When a photographer calls out ‘Say cheese’, we put on our best smile and sometimes our teeth too. The healthier those teeth are, the happier you look. Hoping to help you better in that aspect, a new policy claims that dentists should examine for tell-tale signs of neglect when treating children with severe oral diseases. The policy document on dental neglect in children was co-authored by Dr Peter Sidebotham from the University of Warwick.
A persistent failure to meet a child’s basic oral health needs is known as dental neglect. A considerable impact on the health of a child may be seen due to oral diseases. Severe pain, loss of sleep and even reductions in body and growth may be seen owing to oral diseases.
Dental neglect is thought to be indicative of a wider welfare picture of child neglect and abuse. As per the policy, if dentists have concerns, they should apparently refer cases to child protection services. The document is claimed to be first of its kind in Europe. It is apparently the result of a group effort between the University of Warwick, University of Sheffield and Leeds Dental Institute.
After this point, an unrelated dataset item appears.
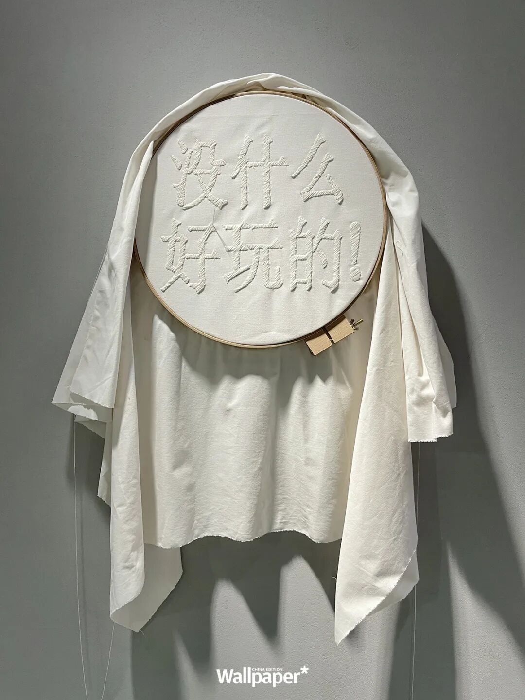 “没什么好玩的”这句话是一个时间坐标。它最初出现在1997年,是林天苗一件同名作品的题眼。一个直径近2.5米的巨大球体,由白棉线一圈圈“很无聊地”缠绕而成,最后一根线头连接着一块绣着这六个字的绣绷;无差别的白色棉线将无差别的劳动捻进作品,如果自球心抽丝剥茧,时间会倒退回千禧年前后。那时,林天苗的生活发生了很大变化。她刚从纽约回国不久,孩子尚幼,生活与创作都充满了不确定性。可以说,这件作品对应着她对自身创作没有特定目标,或者对艺术本身也并不笃定、甚至缺乏自信往前迈进的状态。

Dr Sidebotham commented, “There is evidence which indicates that abused children have higher levels of untreated dental disease than their non-abused peers. Many dentists have taken part in child protection training, but still find it difficult to put into practice what they have learned when they suspect abuse.”
Adding to it, Dr Sidebotham mentioned, “I am impressed by how much dentists already do to educate and support parents. But when concerned that a child is suffering, perhaps as a result of missed appointments, I would always encourage them to seek advice from other health professionals experience in child protection and, if necessary, to make a child protection referral.”
Several factors that need to be taken into account when the child is evaluated with suspected dental neglect and the proper guidance as to how the dental team should respond is detailed in the policy.
It is published in the British Society of Paediatric Dentistry.